> _EXERCISE_:
Entries below include pictures. Output exactly the lines from the one with "Giovedì ventisette gennaio: Mario" down to the one with "TANANT Lit coffre", both ends included, and leave the pictures out.

> _MATERIAL FOR THE TASK_:
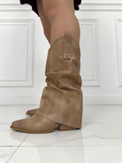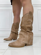 Camperos a punta in ecopelle con risvolto , chiusura con cerniera laterale e tacco largo di 6 cm
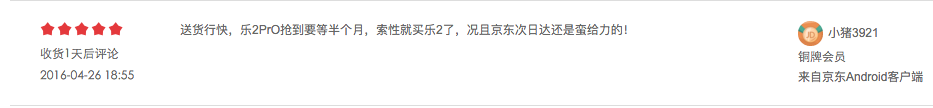 当然好产品更需优秀的服务保障,在万条好评中,消费者对于京东近乎完美的服务给予了充分的肯定,纷纷发表了“京东快递速度逆天”、“乐2首发京东竟然能抢到现货”等类似好评。京东移动商店更是给力送,创下了从用户下单到拿到手机仅4分钟的物流记录!
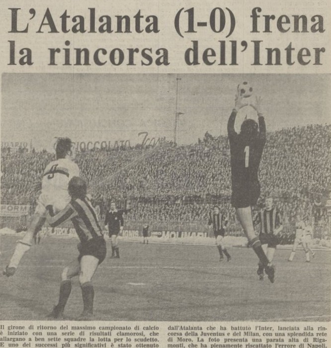 Giovedì ventisette gennaio: Mario Corso, ala sinistra dell’Inter, ospite al seguitissimo quiz “Il Rischiatutto” presentato da Mike Bongiorno, interpellato sull’imminente impegno di campionato dopo un obbligatorio “tutte le partite sono difficili” si lancia in un “tutte le squadre anche modeste vogliono batterci ma domenica a Bergamo vinciamo “.
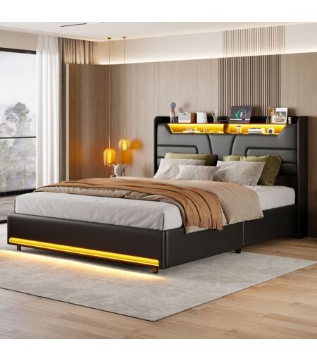 TANANT Lit coffre 160x200cm, lit double avec rangement, sommier à lattes en bois, tête de lit avec bande lumineuse LED et port de chargement USB, design,
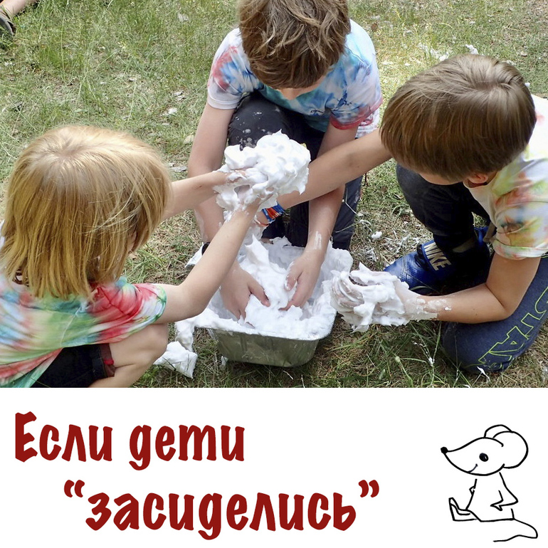 Дома, конечно, куда больше возможностей для переключения и для разных расслабляющих игр. Можно предложить поиграть в кинетический песок или залезть на спорткомплекс, поваляться на кресле-мешке или поиграть с водой, попересыпать рис или фасоль. Можно мять глину и солёное тесто, или возиться с пеной для бритья...

> _YOUR SOLUTION_:
 Giovedì ventisette gennaio: Mario Corso, ala sinistra dell’Inter, ospite al seguitissimo quiz “Il Rischiatutto” presentato da Mike Bongiorno, interpellato sull’imminente impegno di campionato dopo un obbligatorio “tutte le partite sono difficili” si lancia in un “tutte le squadre anche modeste vogliono batterci ma domenica a Bergamo vinciamo “.
 TANANT Lit coffre 160x200cm, lit double avec rangement, sommier à lattes en bois, tête de lit avec bande lumineuse LED et port de chargement USB, design,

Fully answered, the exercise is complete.